The investment values of ENA and FET each have their own focus, and need to be chosen in conjunction with individual risk preferences. The core comparisons are as follows:
1. ENA: Focus on stable returns and ecological implementation
- Core Advantages: Relying on the Ethena protocol, its USDe is the fourth largest stablecoin in the world (with a supply exceeding $7 billion), and the ecological foundation is solid; the total revenue of the protocol has reached $406 million, and after the fee conversion mechanism is activated, sENA holders can expect a benchmark annualized return of about 4%, potentially exceeding 10% in a bull market; it is also advancing the Converge Chain Layer 2 network and compliant stablecoin USDtb, continuously expanding application scenarios.

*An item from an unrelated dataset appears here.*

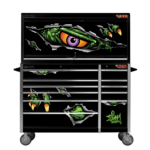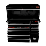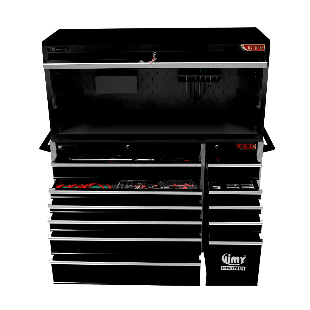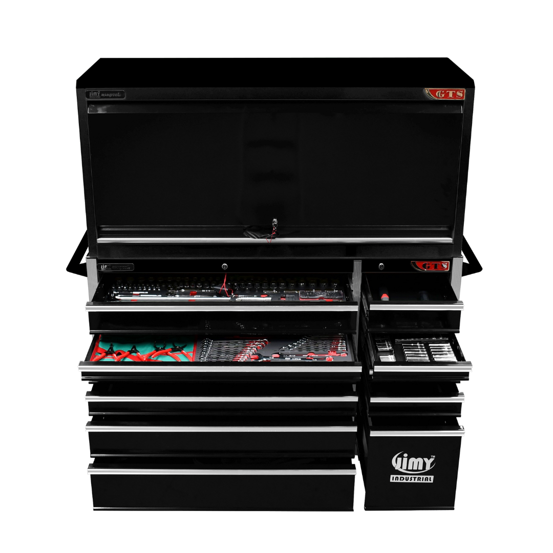 The 11 drawer “Intermediate” hutch tool workshop from Jimy Tools offers a great range of tools for the professional mechanic. The kit consists of a hutch top box and an 11-drawer roller cabinet, all have been powder coated with a tough industrial finish, 1.2mm thick steel, fully lockable with rear internal locking system, dual gas strut system for the hutch and ball bearing slide drawers with twin slides on the deeper drawers.
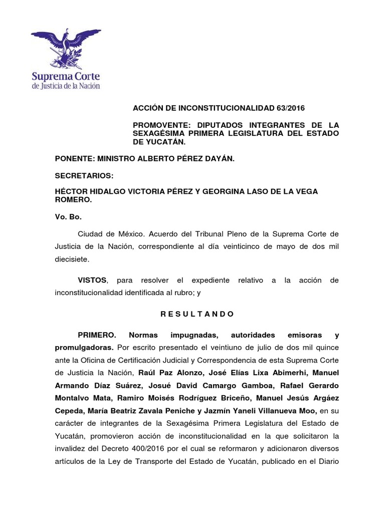 ACCIÓN DE INCONSTITUCIONALIDAD 63/2016

- Main Risks: Over $500 million in private placement tokens will be unlocked in the next 12 months, combined with $640 million in team/early tokens awaiting release, leading to significant selling pressure; protocol income relies on market sentiment, and earnings may decline in a bear market.
- Suitable Audience: Investors seeking relatively stable returns and optimistic about the stablecoin sector.
2. FET: Focus on innovation track and long-term potential
- Core Advantages: Focused on the integration of AI and blockchain, can create autonomous AI agents, with implementation potential in areas like supply chain and the Internet of Things; its own public chain TPS exceeds 30,000, capable of meeting the real-time interaction needs of AI agents; staking FET allows participation in governance and earns passive income, and the Agentverse platform lowers the development threshold.
- Main Risks: Market capitalization is only about $1.61 billion (ranking 107th in cryptocurrency), and the ecological maturity needs improvement; faces competition from rivals like SingularityNET and tech giants, and there is uncertainty in technology implementation.
- Suitable Audience: Investors with a higher risk tolerance who are optimistic about the innovation track of AI + blockchain in the long run.